This technique offers many advantages in data currency, encapsulation, side effects, data synthesis, data integrity and scalability. Since the data is accessed directly from the external systems, it is never stale. Encapsulation is good since data location is transparent to the applications and the applications access the external data as if it were stored in the GIS database.
Typically there are few side effects on existing applications. Implementing this interface requires database changes, but these usually do not affect the presentation of data to the legacy applications. This technique rates well on the data synthesis and data integrity criteria because, by using the database to perform the integration, this technique leverages the DBMS`s built-in data synthesis and transaction management capabilities. Scalability for this technique is much better than that of the previous techniques since the number of applications does not affect the number of interfaces.

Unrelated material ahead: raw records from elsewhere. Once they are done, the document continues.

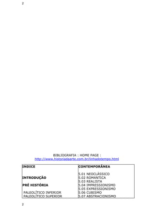 Este documento fornece um resumo da história da arte, desde a pré-história até a arte contemporânea, dividido por períodos históricos. Aborda estilos artísticos como paleolítico, neolítico, arte antiga egípcia e romana, idade média, renascimento, entre outros. Também discute conceitos como função da arte, como entender obras de arte e como as ideias se espalham pelo mundo.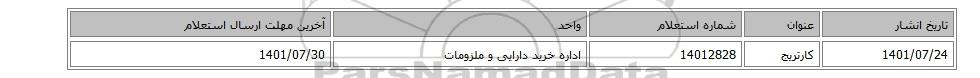 | 1401/07/24 | کارتریج | 14012828 | اداره خرید دارایی و ملزومات | 1401/07/30 |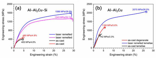 In this study, laser rapid solidification technique was used to refine the microstructure of ternary Al–Cu–Si and binary Al–Cu eutectic alloys to nanoscales. Micropillar compression testing was performed to measure the stress–strain response of the samples with characteristic microstructure in the melt pool regions. The laser-remelted Al–Al2Cu–Si ternary alloy was observed to reach the compressive strength of 1.59 GPa before failure at a strain of 28.5%, which is significantly better than the as-cast alloy with a maximum strength of 0.48 GPa at a failure strain of 4.8%. The laser-remelted Al–Cu binary alloy was observed to reach the compressive strength of 2.07 GPa before failure at a strain of 26.5%, which is significantly better than the as-cast alloy with maximum strength of 0.74 GPa at a failure strain of 3.3%. The enhanced compressive strength and improved compressive plasticity were interpreted in terms of microstructural refinement and hierarchical eutectic morphology.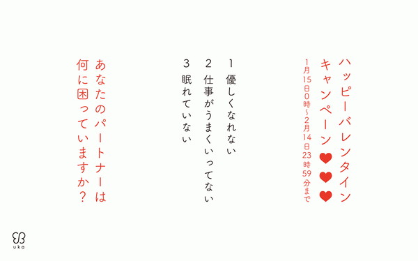 ukaでは、現在2月14日(日)までの期間限定で「ハッピーバレンタインキャンペーン」を実施中。

When evaluated by the performance and data access criteria, this technique also usually rates well. However, these criteria are highly dependent on the database and middleware products involved. Data access is the capability that varies most by vendor. Depending on the vendor, there can be limitations in create, read, update and delete access, and many times access is not bi-directional.
The two disadvantages to this technique are cost and administration. Middleware products, often required to implement integration at the database level, are much more expensive than the middleware products used with applications. Once the middleware products have been purchased, they typically require a significant amount of database administration effort to implement.
Middleware Infrastructure Integration
The fifth integration technique is shown in Figure 5. With this approach, a middleware toolkit is purchased from a vendor and used to construct a single interface, allowing all applications to access all of the databases. This approach can vary tremendously in its complexity. In the simpler implementations, the middleware infrastructure provides only a single interface. In the more complex implementations, the middleware infrastructure implements a logical database where the middleware infrastructure has intelligence and data processing capabilities similar to those of the databases.
By creating a single interface for all of the applications and by being built on top of multiple databases, this technique provides a good solution to the data currency, data access, encapsulation, data synthesis, data integrity and scalability criteria. This technique`s evaluation on the performance criteria is not quite as good. The middleware infrastructure will cause some performance delays when compared to direct access to the databases.
The drawbacks to this technique are its side effects, administration and cost. This approach has very significant side effects since all existing applications will need to be changed to use the middleware infrastructure. Implementing the middleware infrastructure typically requires significant changes to the databases and the middleware infrastructure, requiring significant administration work. Both of these drawbacks add to the cost of this technique. In addition, the middleware toolkit products used for creating a middleware infrastructure are significantly more expensive than the middleware used by applications. Further, the implementation effort required to build the middleware infrastructure adds to the cost. As a result, this technique is one of the most expensive ones.
To provide a complete set of integration techniques, the sixth technique eliminates the integration problem by migrating the various computer systems that need to be integrated to a common database. This can be a massive undertaking depending on the number of databases and applications involved. As a result, the technique is only considered when there are other reasons to use migration. Some utilities may commit to a large-scale information technology (IT) modernization program, or the utility may have already decided to standardize on a single database as part of that utility`s IT strategy.
These criteria and techniques provide food for thought when trying to solve database integration problems. Unfortunately, no one technique or product can be used for every integration problem. Even if an integration product works at one site, it may not work at another. Even on a single project, a mix of techniques is often needed to integrate databases. While these criteria and techniques can provide the tools to plan and design a solution, it`s only the tip of the iceberg.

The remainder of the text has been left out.